[Start of section]
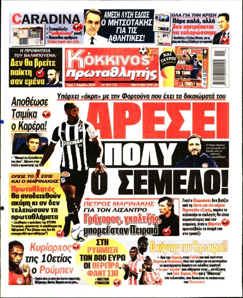 Το πρωτοσέλιδο του «Κόκκινου Πρωταθλητή»
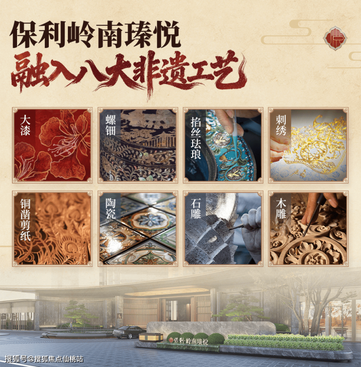 精美传经典,营造人文意境:建筑立面融合现代岭南元素。园林匠心打造“两环两轴五园三组团”的立体景观,并融入“八大非遗工艺”营造美学场景。
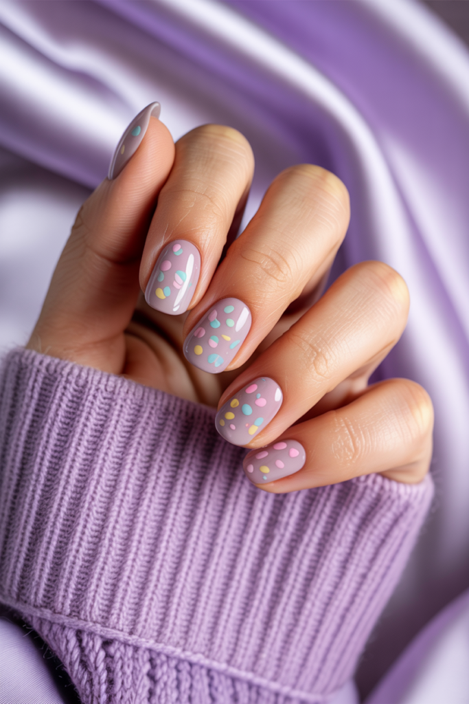 This style pairs a shiny mauve base with small, colorful confetti dots. The gloss finish adds a smooth, polished look.
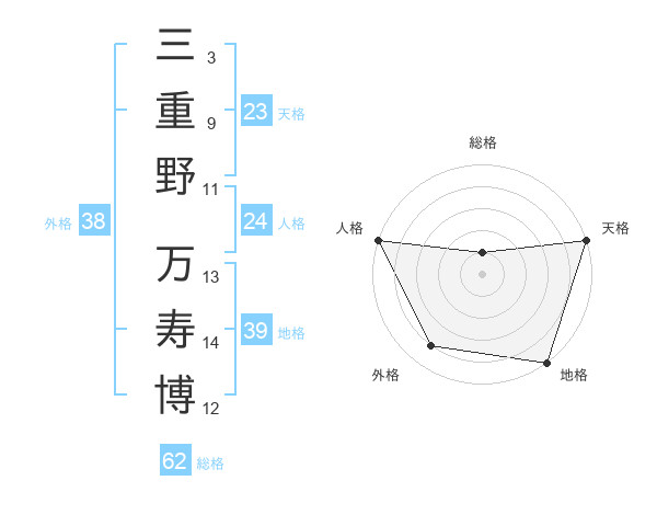 三重野 万寿博さんを姓名の画数から五運を鑑定
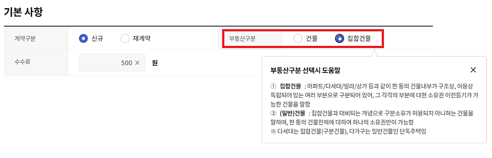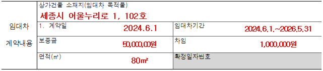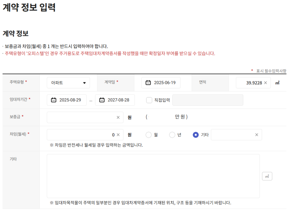• 계약 정보 입력 (주소, 보증금, 계약기간 등)
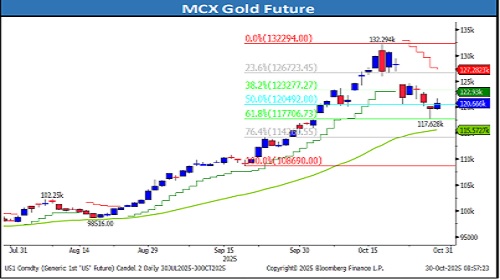• Intraday Trading Strategy: Sell Gold Mini Dec Fut at 120200-120225 SL 121050 Target 119380/118450
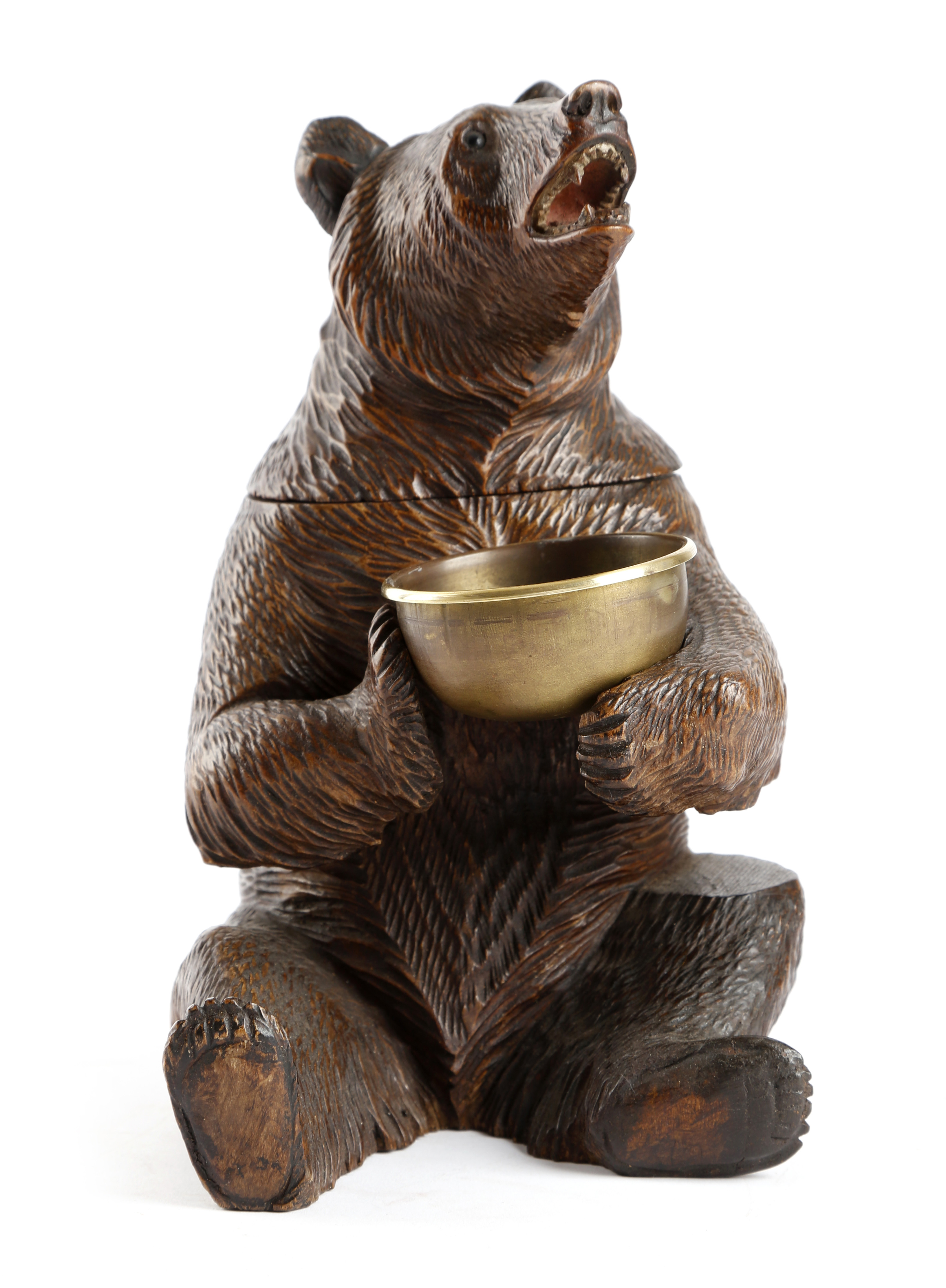 A Black Forest carved wood bear tobacco jar, with glass eyes, with a hinged lid and a brass bowl, late 19th / early 20th century, 23.3cm high.
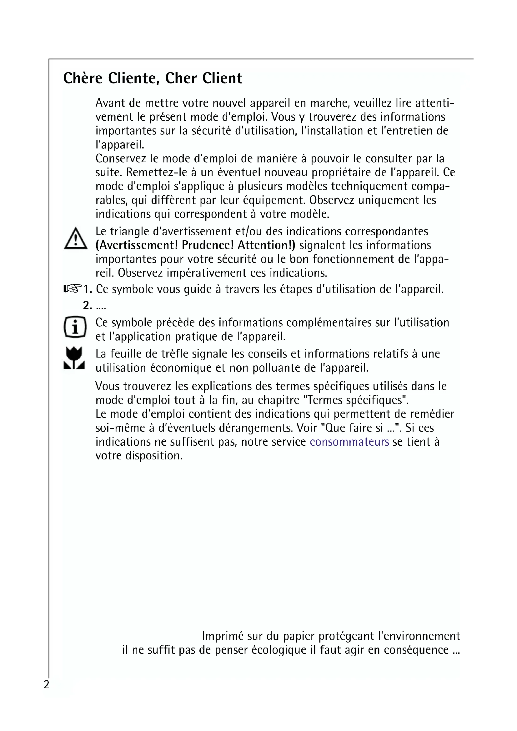 - ". Si ces indications ne suffisent pas, notre service consommateurs se tient à votre disposition. Imprimé sur du papier protégeant l’environnement il ne suffit pas de penser écologique il faut agir en conséquence p. 3
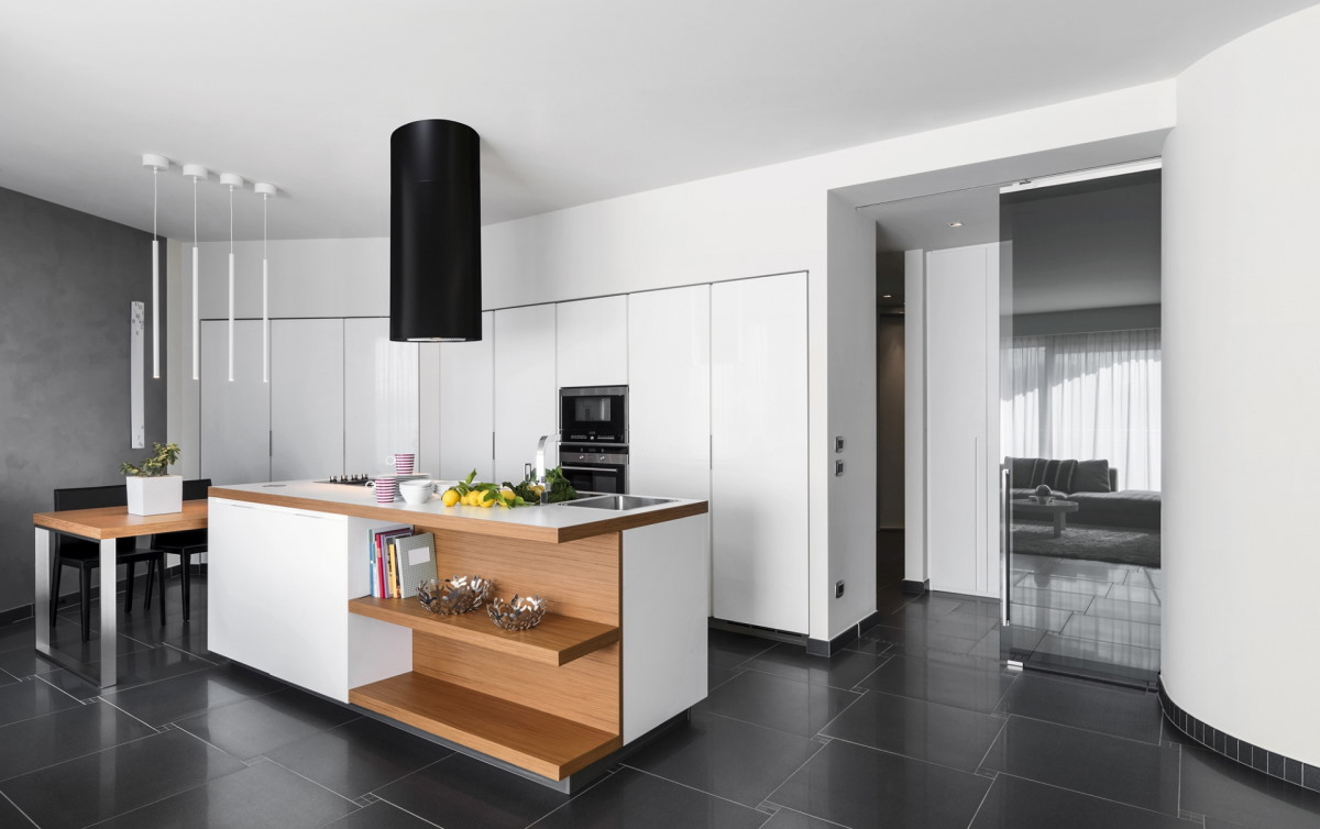 Достоинством островных вытяжек является гибкость установки, которая особенно придется кстати при перепланировке кухни. Как правило, такая вытяжка уместна на большой кухне, где варочная панель и основная рабочая зона расположены вдали от стен. Островные модели, свисающие с потолка, как сталактиты, это не только центральный элемент украшения помещения, но и эффективное средство очистки воздуха, и дополнительный светильник. Наш обзор посвящен разбору особенностей пяти современных островных вытяжек, которые умеют работать в режиме отвода и рециркуляции. Здесь собраны цилиндрические и Т-образные устройства, которые отличаются формой и способом забора воздуха. Наиболее продвинутые вытяжки могут похвалиться наличием пульта ДУ, совместимостью с регенерируемыми угольными фильтрами, несколькими вариантами цветового оформления и низким энергопотреблением. А самые дорогие премиальные модели получили в оснащение таймер выключения, функцию автоматического беспроводного управления с плиты и даже модуль Wi-Fi для удаленного управления через интернет.
[End of section]
◆ **WHAT TO DO**:
A verbatim copy of every record is to be produced, and pictures are to be excluded from it.

◆ **SOLUTION TO THE PROBLEM**:
 Το πρωτοσέλιδο του «Κόκκινου Πρωταθλητή»
 精美传经典,营造人文意境:建筑立面融合现代岭南元素。园林匠心打造“两环两轴五园三组团”的立体景观,并融入“八大非遗工艺”营造美学场景。
 This style pairs a shiny mauve base with small, colorful confetti dots. The gloss finish adds a smooth, polished look.
 三重野 万寿博さんを姓名の画数から五運を鑑定
• 계약 정보 입력 (주소, 보증금, 계약기간 등)
• Intraday Trading Strategy: Sell Gold Mini Dec Fut at 120200-120225 SL 121050 Target 119380/118450
 A Black Forest carved wood bear tobacco jar, with glass eyes, with a hinged lid and a brass bowl, late 19th / early 20th century, 23.3cm high.
 - ". Si ces indications ne suffisent pas, notre service consommateurs se tient à votre disposition. Imprimé sur du papier protégeant l’environnement il ne suffit pas de penser écologique il faut agir en conséquence p. 3
 Достоинством островных вытяжек является гибкость установки, которая особенно придется кстати при перепланировке кухни. Как правило, такая вытяжка уместна на большой кухне, где варочная панель и основная рабочая зона расположены вдали от стен. Островные модели, свисающие с потолка, как сталактиты, это не только центральный элемент украшения помещения, но и эффективное средство очистки воздуха, и дополнительный светильник. Наш обзор посвящен разбору особенностей пяти современных островных вытяжек, которые умеют работать в режиме отвода и рециркуляции. Здесь собраны цилиндрические и Т-образные устройства, которые отличаются формой и способом забора воздуха. Наиболее продвинутые вытяжки могут похвалиться наличием пульта ДУ, совместимостью с регенерируемыми угольными фильтрами, несколькими вариантами цветового оформления и низким энергопотреблением. А самые дорогие премиальные модели получили в оснащение таймер выключения, функцию автоматического беспроводного управления с плиты и даже модуль Wi-Fi для удаленного управления через интернет.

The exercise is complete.